‘There’s Not Much More I Can Say’

‘There’s Not Much More I Can Say’

There’s not much more I can say.

The waiters in this coffee shop stopped to ask me if everything was alright.
I haven’t answered them yet. And though you didn’t ask me a question, I have a response.

I apologise.

In the most heartfelt way, with undertones of anger, I apologise.

This anger though is only partly directed at you. I try to send my frustration to you but like an unopened box of letters of love, it returns back to sender.

That’s why the music that I make, the music that I listen too, screams. It screams so that I can release myself of this structure. These bounds on my hands. For if I cannot touch another, then they will forever be unaffected. If I leave them be, they will know a different fate.
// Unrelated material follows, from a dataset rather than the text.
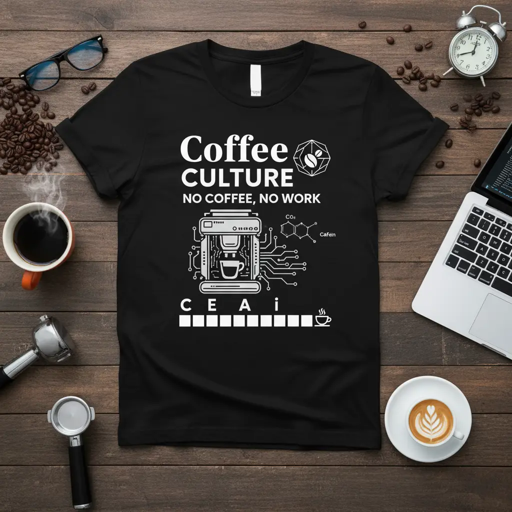 This Coffee CULTURE NO COFFEE, NO WORK design speaks volumes to anyone whose productivity and mood hinge on that first sip. The graphic elements, including a stylized coffee machine and scientific representations of key components like CO2 and caffeine, highlight the blend of art and science that makes coffee so captivating. It’s a nod to the intricate processes and the vital energy boost that coffee provides, making it indispensable for many. This shirt is a must-have for anyone who proudly identifies as a coffee lover.

There is a list in my mind, tallying up the number of mistakes I’ve ever made. That is the only time I cannot stand picking up a pen. This form of self-reflection is leaving me defenseless as maybe you’re right.

Maybe you always have been.

In the past, those ticks on the list of mistakes have presented themselves in the form of physical scars on my left forearm. I do not intend to add to them, to the wounds of this war.
In my attempts to help them heal, I say now that I am sorry.

Nothing really changes, though does it?

I’ll rise loudly, while I hope you rise too.